Data shown:
• • • • • • •

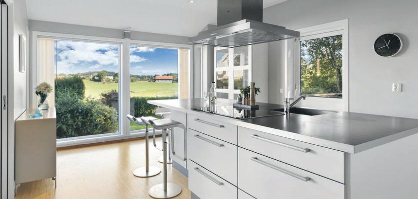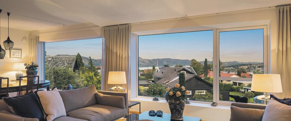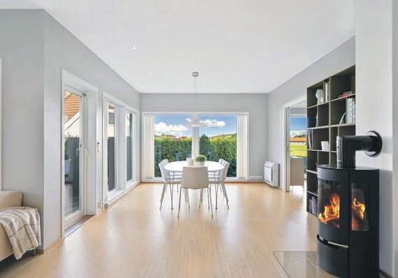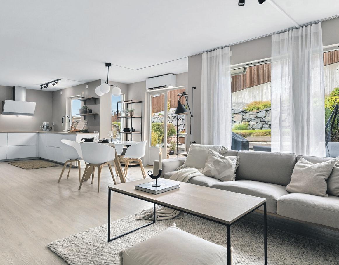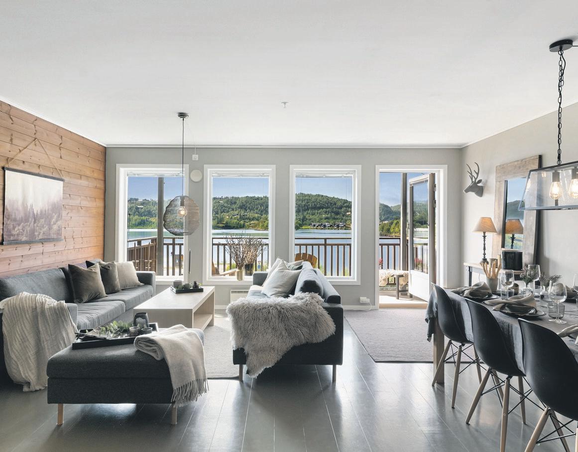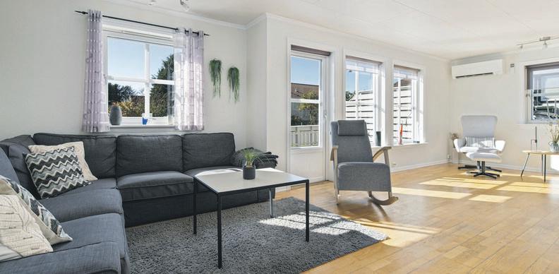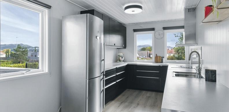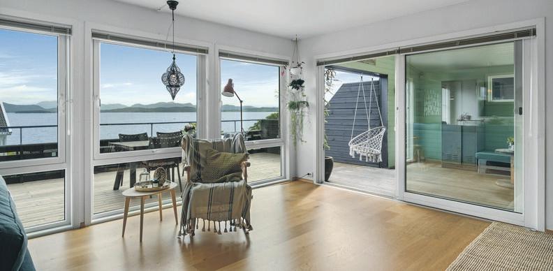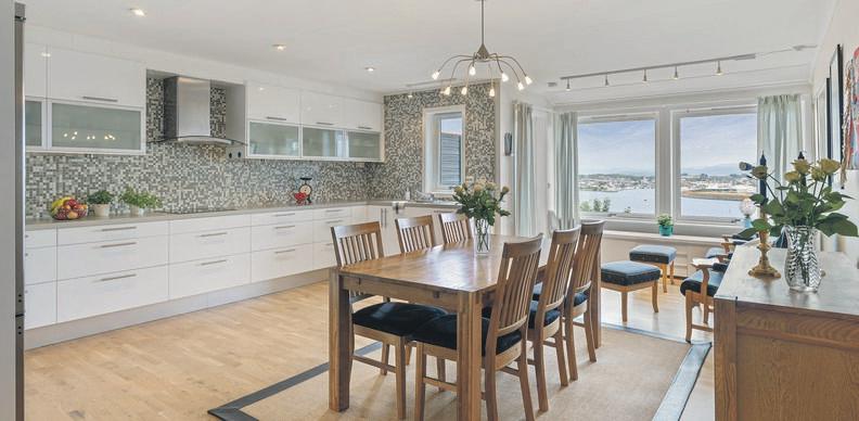 alle rom skaper gjennomgående naturlig lys og en herlig atmosfære med høy trivsel. Sjeldent godt løst, hvor kjøkken er trukket inn for seg selv, men i åpen løsning,
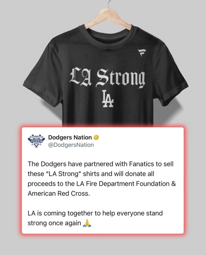 이들 구단은 LA 스트롱이 새겨진 티셔츠 판매에 나섰고, 수익금은 미국 적십자와 LA소방국 재단에 기부하기로 했다.
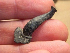 comme la queue de paon, je vous montre un fibule 'genou' principalement originaire des pays de l'est, 1ere du type trouvée en 16 ans de detection

• • • • • • •

Repeat the material verbatim. Do not carry over any picture.

Task response:
 alle rom skaper gjennomgående naturlig lys og en herlig atmosfære med høy trivsel. Sjeldent godt løst, hvor kjøkken er trukket inn for seg selv, men i åpen løsning,
 이들 구단은 LA 스트롱이 새겨진 티셔츠 판매에 나섰고, 수익금은 미국 적십자와 LA소방국 재단에 기부하기로 했다.
 comme la queue de paon, je vous montre un fibule 'genou' principalement originaire des pays de l'est, 1ere du type trouvée en 16 ans de detection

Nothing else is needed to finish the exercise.